Time in Bed and Sleep time
Relationship between Sedentary and Steps
Percentage of people Over weight VS Health Weight.
weightLogInfo_merged <- read_csv("Case study2/Fitabase Data 4.12.16-5.12.16/weightLogInfo_merged.csv")
View(weightLogInfo_merged)
## CDC recommended weight BMI between 18.5 to 24.9
weightLogInfo_merged$overweight <- weightLogInfo_merged$BMI >= 24.9
summary(weightLogInfo_merged)
Id Date WeightKg WeightPounds
Min. :1.504e+09 Length:67 Min. : 52.60 Min. :116.0
1st Qu.:6.962e+09 Class :character 1st Qu.: 61.40 1st Qu.:135.4
Median :6.962e+09 Mode :character Median : 62.50 Median :137.8
Mean :7.009e+09 Mean : 72.04 Mean :158.8
3rd Qu.:8.878e+09 3rd Qu.: 85.05 3rd Qu.:187.5
Max. :8.878e+09 Max. :133.50 Max. :294.3
Fat BMI IsManualReport LogId
Min. :22.00 Min. :21.45 Mode :logical Min. :1.460e+12
1st Qu.:22.75 1st Qu.:23.96 FALSE:26 1st Qu.:1.461e+12
Median :23.50 Median :24.39 TRUE :41 Median :1.462e+12
Mean :23.50 Mean :25.19 Mean :1.462e+12
3rd Qu.:24.25 3rd Qu.:25.56 3rd Qu.:1.462e+12
Max. :25.00 Max. :47.54 Max. :1.463e+12
NA's :65
overweight
Mode :logical
FALSE:34
TRUE :33
table(weightLogInfo_merged$overweight)
FALSE TRUE
34 33
over <- paste(names(table(weightLogInfo_merged$overweight)),(table(weightLogInfo_merged$overweight)/67)*100,"%")
pie3D(table(weightLogInfo_merged$overweight), labels = over, explode = 0.3, main = "Over Weigth VS Health Weight")
After make the 3D pie chart, We can clearly find out the overweight people keep 49.25% and health people keep 50.74%. Almost same.
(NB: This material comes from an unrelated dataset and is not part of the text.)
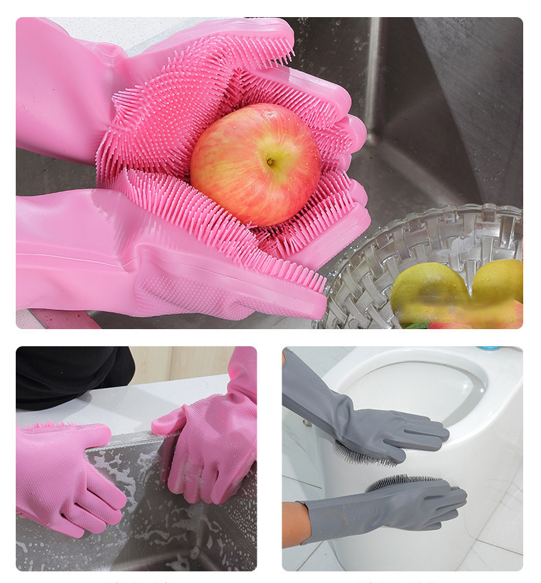 নতুন Magic Silicone Dishwashing Gloves, যা আপনার বাসন মাজা, সিঙ্ক পরিষ্কার এবং গৃহস্থালির অন্যান্য কাজে কার্যকর। এটি নন-স্লিপ, পুনঃব্যবহারযোগ্য এবং আরামদায়ক, যা আপনার হাতকে সুরক্ষিত রাখে।

This is a good news, and should encourage people do more excise keep health.
6. Act Phase:
Based on my analysis I have following recommendations:
1.Enhance the App function to encourage people to use app's frequency. Such as bonus points, or some alerts.
2.Try to let people keep 10,000 steps per day, this is a very useful way to keep them healthy. Especially in the middle of the week. That will be good to increase the amount of Health weight people. Actually, overweight people should be more then healthy weight people.
3.Encourage more people to use apps to track their activity. more data could help companies find out the trend and make the right decision.